# In the forest of the bettas (Story)



## LittleBettaFish (Oct 2, 2010)

Here's something I've been working on for a while. Not sure how accurate a portrayal it is, but Black-Spot is a Betta brownorum (http://www.ibcbettas.org/smp/species/brownorum.html). Part two is already in the works, and includes a bit more action.


Black-Spot slipped through the tangled snarl of roots and fallen branches. Sunlight streamed through the canopy above, scattering a school of rasboras as they hunted amongst the leaf litter. 

A swarm of mosquitoes skimmed low over the surface of the water, and Black-Spot moved silently beneath them, stalking the swarm as it dipped and flitted in the golden bars of afternoon sunlight.

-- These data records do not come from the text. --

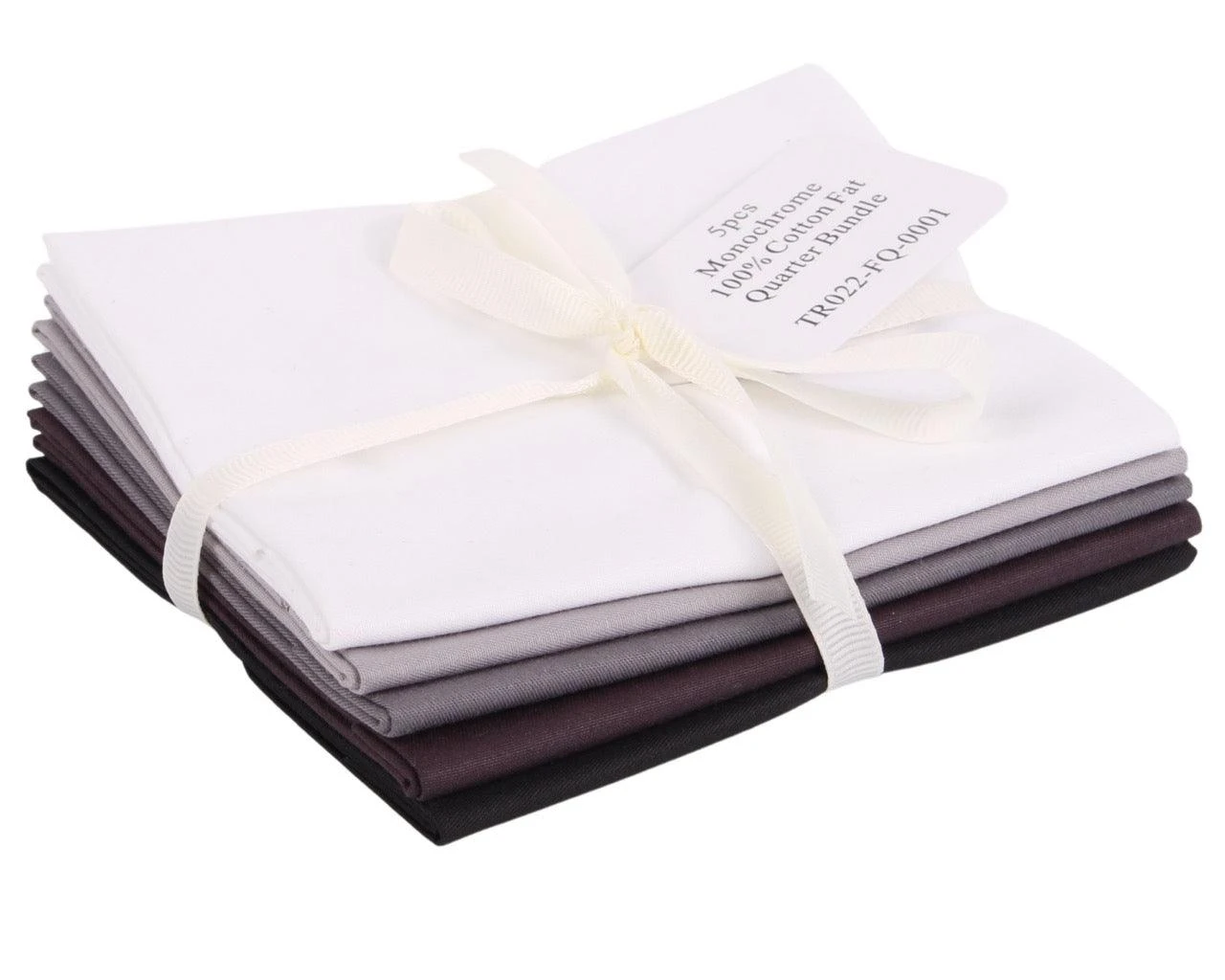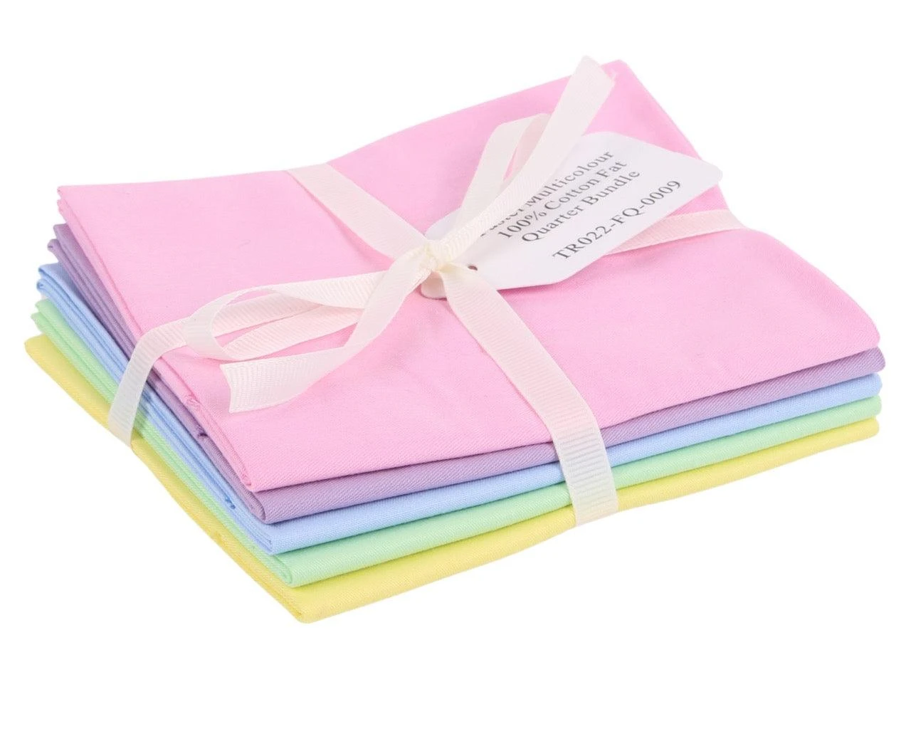 Each bundle contains 5 plain fat quarters. Each piece is 53cm x 46cm. Each bundle arrives tied with a ribbon. Suitable for a range of craft projects!
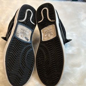 Adidas black hightops, white soles, white stitching used with minimal wear Approximate measurements: width at the widest 4” heel to toe 10” Please see photos, What You See Is What You Get All offers are welcome and pet friendly home !!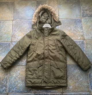 Caldo giubbotto per bambino con cappuccio bordato in pelliccia sintetica. - Colore verde militare. - Chiusura centrale con zip. - Tasche frontali. - Tasca sulla manica.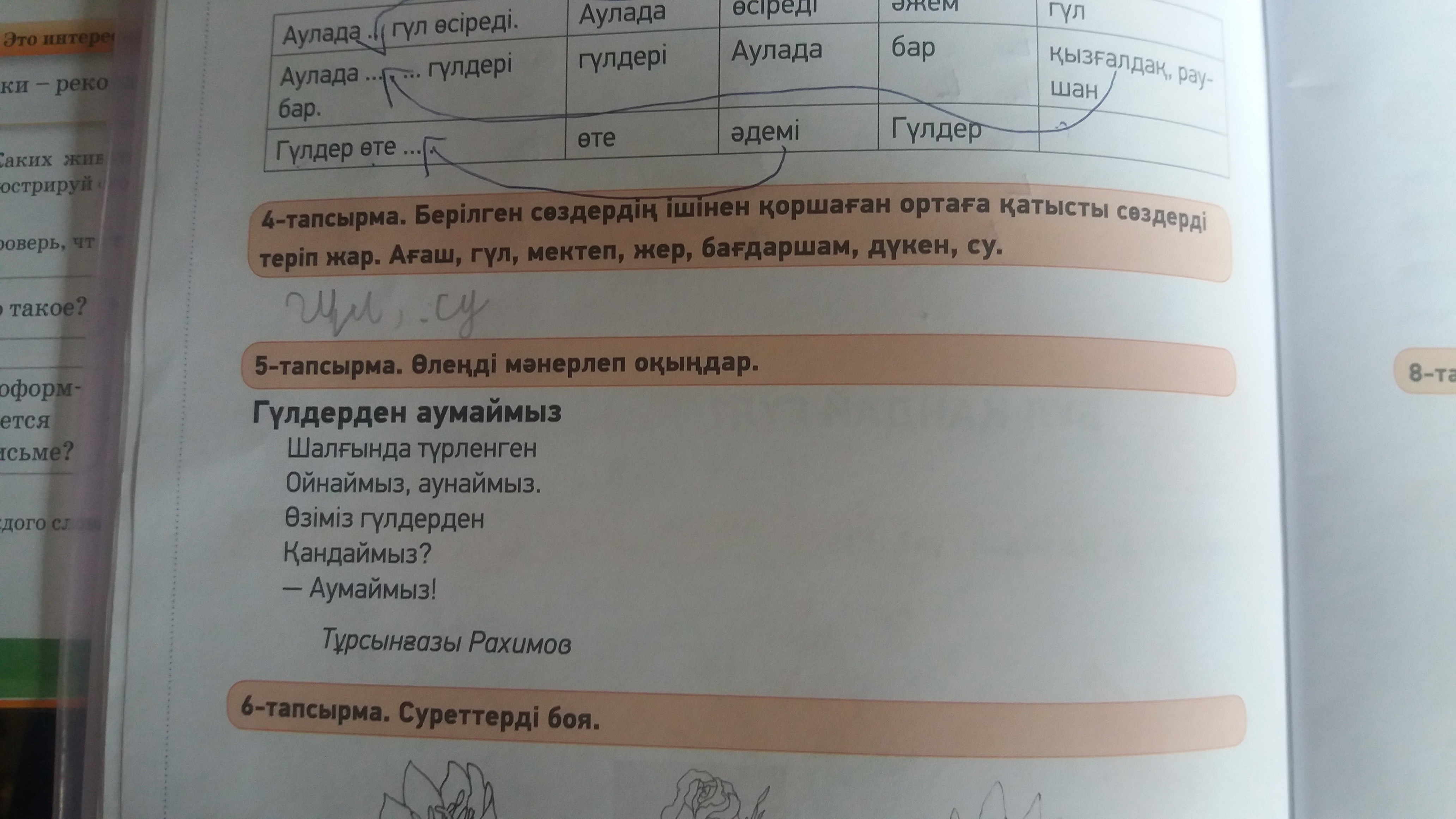 4спиши агаш гул мектеп Жер багдаршам дукен Су. 5 прочитать.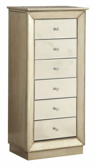 This bedside table features six storage drawers, two side doors with hook and a raised mirror on the top. We ensure each storage drawer is finely velvet lined. The multi-faceted wooden top rests on wooden base without legs with overall construction finished in charming antique gold. This will perfectly anchor any room decor with enduring look and classic style. This armoire does not have a lock.

He was mesmerised by their mating dance: the rapid twists and turns of the females as they were swept along by the swirling mass of males.

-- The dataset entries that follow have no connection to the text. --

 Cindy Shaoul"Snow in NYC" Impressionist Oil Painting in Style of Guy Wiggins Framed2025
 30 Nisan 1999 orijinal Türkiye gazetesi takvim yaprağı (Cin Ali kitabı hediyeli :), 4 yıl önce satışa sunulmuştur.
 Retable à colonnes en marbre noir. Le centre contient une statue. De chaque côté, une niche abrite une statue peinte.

Something startled them, and as one, the mosquitoes skittered sideways in alarm. For a moment the cloud hovered so close, he could see the iridescent flash of their wings, and hear their soft whine. With a jerk of his tail, Black-Spot leapt high from the water. Too late, the mosquitoes darted upwards, trying to escape. They seemed to move in slow motion, and in an instant he was amongst them. With one crunch of his powerful jaws, the mosquito stopped its thrashing. His belly full, Black-Spot turned and vanished suddenly into the murky shadows. 


The air was heavy with the promise of rain. In the canopy above, even the towering tualangs buckled under the force of the wind. Ripples broke the surface of the pool, stirring up debris that had gathered undisturbed, over the dry season. The first drops of rain sounded like thunder, and for a moment, all was confusion. The normally gentle forest stream was turned into a churning mass of water, and Black-Spot struggled towards the surface, feeling himself being pushed further and further downstream. He snatched a frantic breath of air, trying desperately to force his way back, knowing he must not be swept away. 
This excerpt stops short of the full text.